*Work instruction*.
The records below hold a stretch from the line with "Butt-joint glued and stapled" through the line with "NO. 4 Goldscope"; return exactly those lines, ends included, and nothing more.

*Available records*.
- - - - - - -

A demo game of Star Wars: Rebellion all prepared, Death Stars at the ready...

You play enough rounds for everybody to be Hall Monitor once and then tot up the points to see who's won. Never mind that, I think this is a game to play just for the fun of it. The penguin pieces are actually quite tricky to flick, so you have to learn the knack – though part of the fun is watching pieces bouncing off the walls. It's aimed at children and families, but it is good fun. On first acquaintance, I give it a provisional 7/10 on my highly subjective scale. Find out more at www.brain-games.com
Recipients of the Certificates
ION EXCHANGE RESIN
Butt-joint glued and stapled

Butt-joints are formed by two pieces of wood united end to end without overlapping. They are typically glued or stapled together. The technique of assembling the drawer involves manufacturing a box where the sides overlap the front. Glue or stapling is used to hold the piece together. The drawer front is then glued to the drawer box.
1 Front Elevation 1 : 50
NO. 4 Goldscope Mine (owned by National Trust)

- - - - - - -

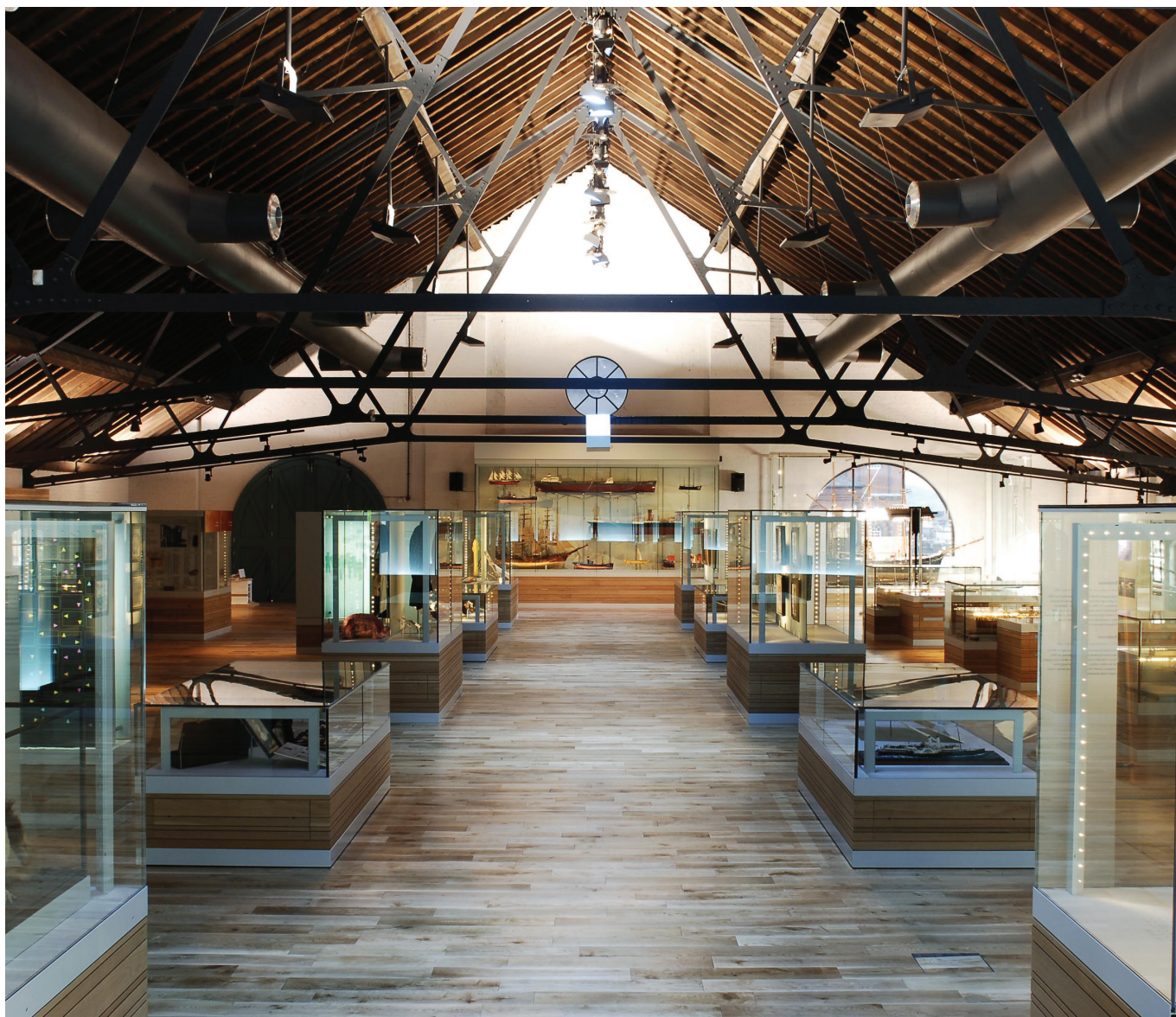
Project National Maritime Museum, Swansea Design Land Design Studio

- - - - - - -

*Final answer*.
Butt-joint glued and stapled

Butt-joints are formed by two pieces of wood united end to end without overlapping. They are typically glued or stapled together. The technique of assembling the drawer involves manufacturing a box where the sides overlap the front. Glue or stapling is used to hold the piece together. The drawer front is then glued to the drawer box.
1 Front Elevation 1 : 50
NO. 4 Goldscope Mine (owned by National Trust)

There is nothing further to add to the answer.